* [Instructions to follow]
Lines below containing the word "Tante" should be copied out.

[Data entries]
= = = =

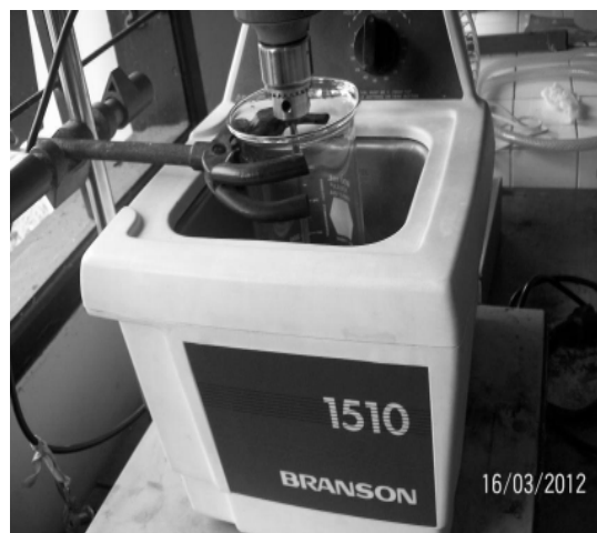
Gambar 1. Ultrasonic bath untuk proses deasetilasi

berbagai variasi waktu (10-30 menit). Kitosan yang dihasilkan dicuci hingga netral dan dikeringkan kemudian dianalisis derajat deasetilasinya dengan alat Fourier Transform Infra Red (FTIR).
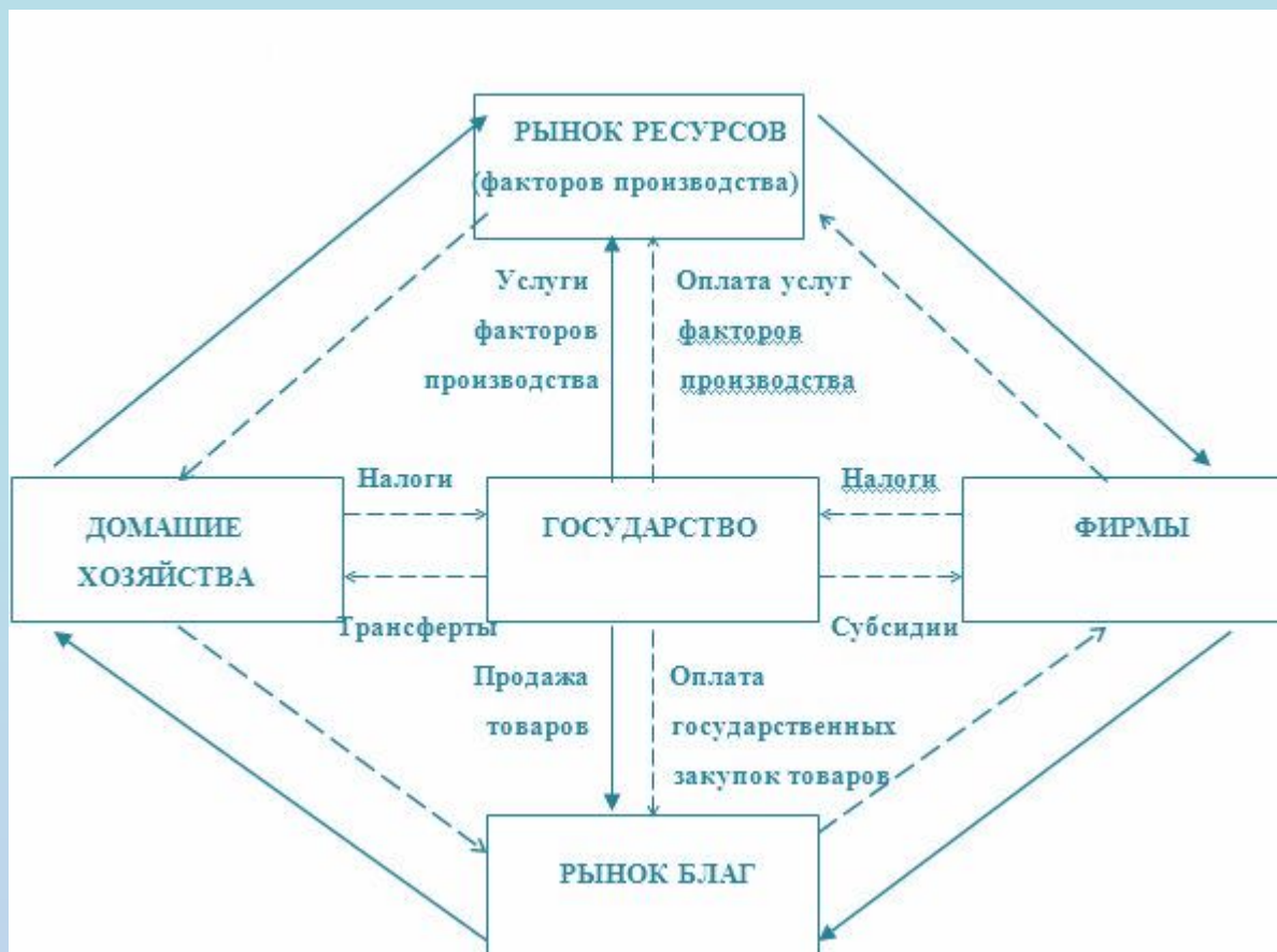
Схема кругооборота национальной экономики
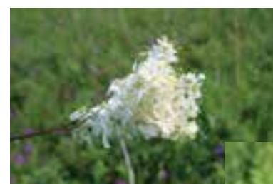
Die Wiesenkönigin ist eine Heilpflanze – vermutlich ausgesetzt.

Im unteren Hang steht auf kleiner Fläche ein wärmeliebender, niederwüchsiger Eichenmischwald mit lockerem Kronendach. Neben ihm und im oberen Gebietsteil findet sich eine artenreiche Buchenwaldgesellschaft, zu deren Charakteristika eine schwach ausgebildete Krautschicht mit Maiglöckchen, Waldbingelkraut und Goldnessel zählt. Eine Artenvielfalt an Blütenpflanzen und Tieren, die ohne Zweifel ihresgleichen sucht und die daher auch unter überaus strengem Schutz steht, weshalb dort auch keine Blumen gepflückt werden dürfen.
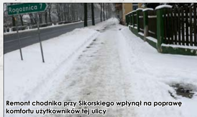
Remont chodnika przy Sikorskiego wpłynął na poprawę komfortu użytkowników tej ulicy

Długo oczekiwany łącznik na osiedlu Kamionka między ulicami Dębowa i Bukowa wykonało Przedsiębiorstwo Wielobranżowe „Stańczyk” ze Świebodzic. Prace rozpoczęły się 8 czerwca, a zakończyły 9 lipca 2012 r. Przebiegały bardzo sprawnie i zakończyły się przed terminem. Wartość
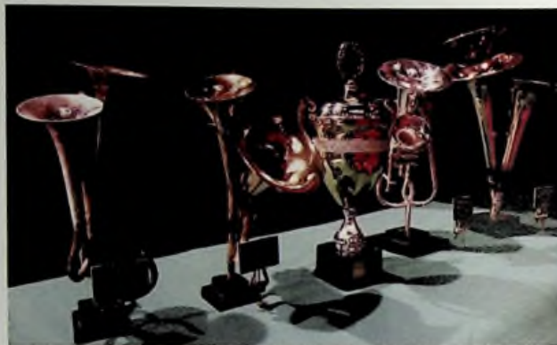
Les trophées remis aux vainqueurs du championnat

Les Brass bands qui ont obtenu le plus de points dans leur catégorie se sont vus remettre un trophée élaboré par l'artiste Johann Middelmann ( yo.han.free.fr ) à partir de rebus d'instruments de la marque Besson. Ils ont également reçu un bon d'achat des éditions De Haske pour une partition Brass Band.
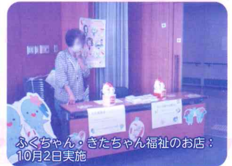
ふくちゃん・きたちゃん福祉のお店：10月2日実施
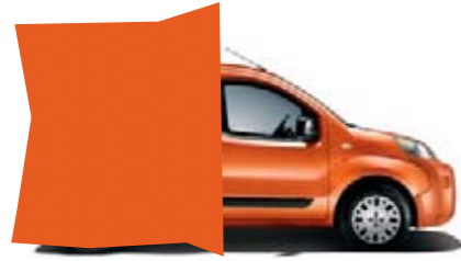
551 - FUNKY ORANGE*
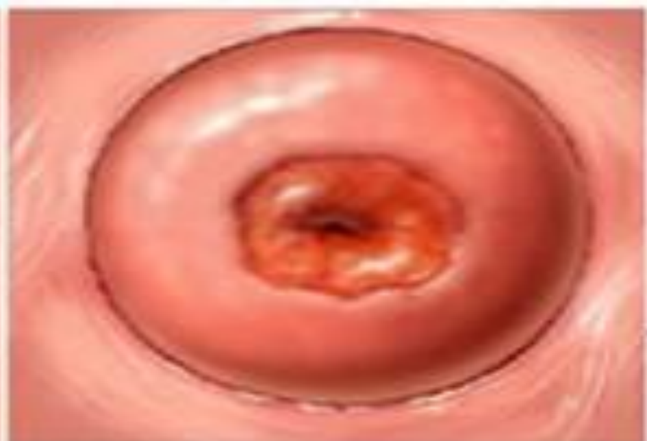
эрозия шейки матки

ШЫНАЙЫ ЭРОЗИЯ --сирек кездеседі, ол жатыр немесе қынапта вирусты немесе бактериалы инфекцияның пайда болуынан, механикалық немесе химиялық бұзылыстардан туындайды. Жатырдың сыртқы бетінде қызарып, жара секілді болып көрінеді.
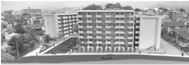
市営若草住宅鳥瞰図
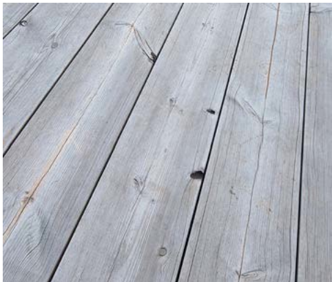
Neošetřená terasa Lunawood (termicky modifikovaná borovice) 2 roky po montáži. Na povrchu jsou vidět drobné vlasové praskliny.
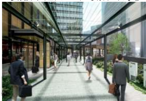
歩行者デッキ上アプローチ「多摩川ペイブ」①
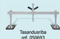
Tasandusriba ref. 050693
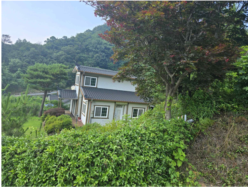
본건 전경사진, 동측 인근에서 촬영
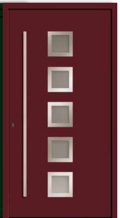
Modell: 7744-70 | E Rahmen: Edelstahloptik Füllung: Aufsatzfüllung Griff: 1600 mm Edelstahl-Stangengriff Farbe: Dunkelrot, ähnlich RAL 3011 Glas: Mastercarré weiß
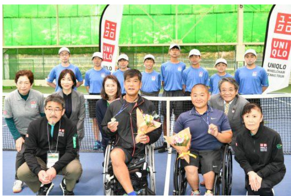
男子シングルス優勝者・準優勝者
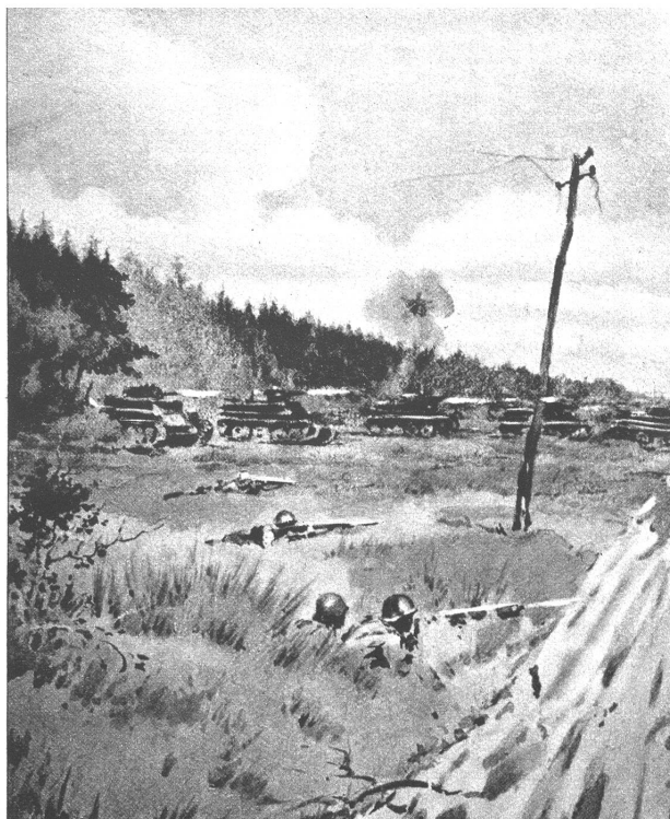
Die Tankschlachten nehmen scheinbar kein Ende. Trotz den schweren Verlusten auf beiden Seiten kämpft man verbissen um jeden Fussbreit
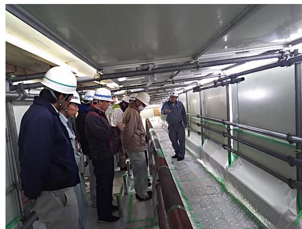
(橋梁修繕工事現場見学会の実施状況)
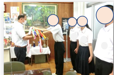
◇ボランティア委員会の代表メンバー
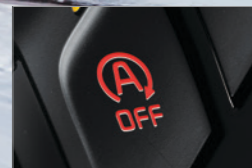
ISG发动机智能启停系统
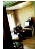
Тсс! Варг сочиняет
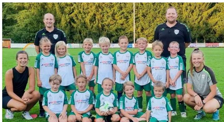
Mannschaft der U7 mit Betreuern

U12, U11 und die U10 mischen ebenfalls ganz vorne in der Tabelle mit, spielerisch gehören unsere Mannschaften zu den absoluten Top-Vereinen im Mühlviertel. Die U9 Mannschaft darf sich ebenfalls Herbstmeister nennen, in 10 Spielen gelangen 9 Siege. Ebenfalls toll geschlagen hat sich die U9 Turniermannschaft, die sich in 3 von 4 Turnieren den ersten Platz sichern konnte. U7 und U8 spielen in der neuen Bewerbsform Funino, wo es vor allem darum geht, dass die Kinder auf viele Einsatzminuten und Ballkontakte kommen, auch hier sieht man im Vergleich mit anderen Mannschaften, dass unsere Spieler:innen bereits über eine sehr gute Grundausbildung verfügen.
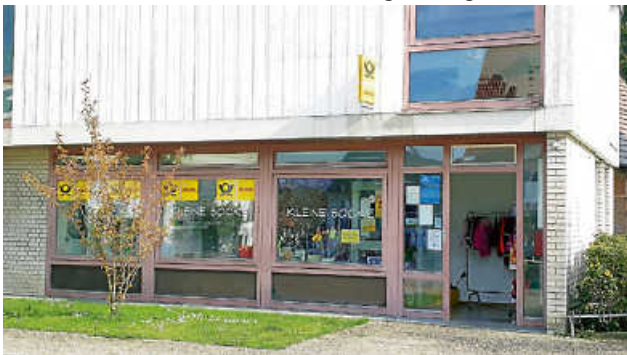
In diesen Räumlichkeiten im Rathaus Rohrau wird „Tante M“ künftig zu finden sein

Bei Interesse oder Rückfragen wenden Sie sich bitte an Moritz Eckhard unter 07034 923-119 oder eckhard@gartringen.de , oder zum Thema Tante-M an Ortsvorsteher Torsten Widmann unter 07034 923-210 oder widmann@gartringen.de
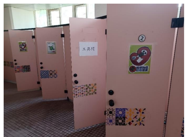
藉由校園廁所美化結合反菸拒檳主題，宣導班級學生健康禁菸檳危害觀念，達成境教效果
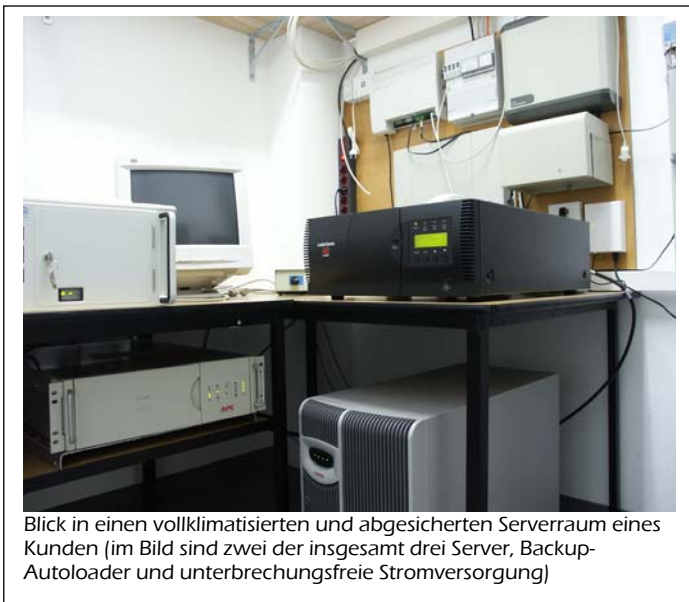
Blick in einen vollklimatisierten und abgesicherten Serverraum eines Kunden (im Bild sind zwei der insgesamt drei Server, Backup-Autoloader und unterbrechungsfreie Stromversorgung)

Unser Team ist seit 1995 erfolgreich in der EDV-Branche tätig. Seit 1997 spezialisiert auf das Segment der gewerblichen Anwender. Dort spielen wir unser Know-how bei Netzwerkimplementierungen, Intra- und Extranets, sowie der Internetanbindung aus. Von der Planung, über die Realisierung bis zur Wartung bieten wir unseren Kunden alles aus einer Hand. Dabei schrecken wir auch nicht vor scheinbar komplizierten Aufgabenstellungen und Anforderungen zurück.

= = = =

* [Task solution]
In diesen Räumlichkeiten im Rathaus Rohrau wird „Tante M“ künftig zu finden sein
Bei Interesse oder Rückfragen wenden Sie sich bitte an Moritz Eckhard unter 07034 923-119 oder eckhard@gartringen.de , oder zum Thema Tante-M an Ortsvorsteher Torsten Widmann unter 07034 923-210 oder widmann@gartringen.de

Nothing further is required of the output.